En la noche el silencio para mí es como que da pasos el papel donde está escrito tu nombre (EL Papel y su Utilidad). La oscuridad es la escritura de aquellos que velan dulcemente mi insomnio de Fin de Año (Historia del sueño y su estudio), y a pesar de que los años y los meses cambian de nombre de continuo, yo descifro en la sábana en sombras la eternidad del tiempo (El destiempo).

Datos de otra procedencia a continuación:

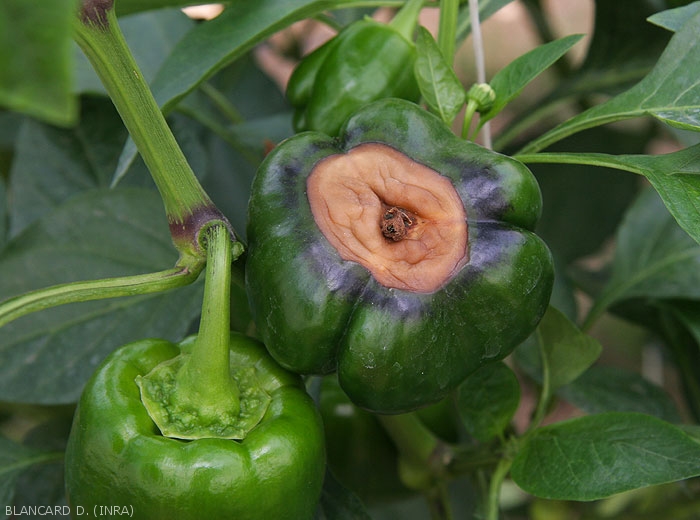 • lésions humides apparaissant à l'extrémité des fruits, au niveau ou à proximité de l'attache pistillaire. Diffuses dans un premier temps, elles brunissent et s'étendent progressivement par la suite (figure 1).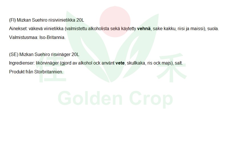 Mizkan Suehiro Vinegar 20L | Mizkan 寿司醋 20L / 箱

Empiezo a caminar por la casa, confundida, errática, diciéndome que están esperándome laberintos, abracadabras, difuntos, fantasmas (Angustia y miedo). Diciéndome que soy pequeña, que mi bastón apenas es un fósforo encendido por miedo de niña (Los derechos del niño), y la casa que tiene enredadas memorias de doncella me busca (Búsqueda heurística).

Sí, me busca la casa antes, un poco antes de las doce de la noche (Cómo prepararse para un año nuevo), y yo la sigo cuarto por cuarto en una solitaria procesión que persigue la divinidad de no sé qué Todo (Curso de meditación…). Escucho los ruidos acercarse, pregunto: “¿Es la paloma, es el murciélago, es el topacio que cayó de los libros de versos; qué sonidos son éstos?

Algo o algunos que me escucharon se movilizan, mueven sus lenguas al compás de la bruma quieta: “No, pequeña, eres vieja -me responden-; somos los huesos rotos de la vida”.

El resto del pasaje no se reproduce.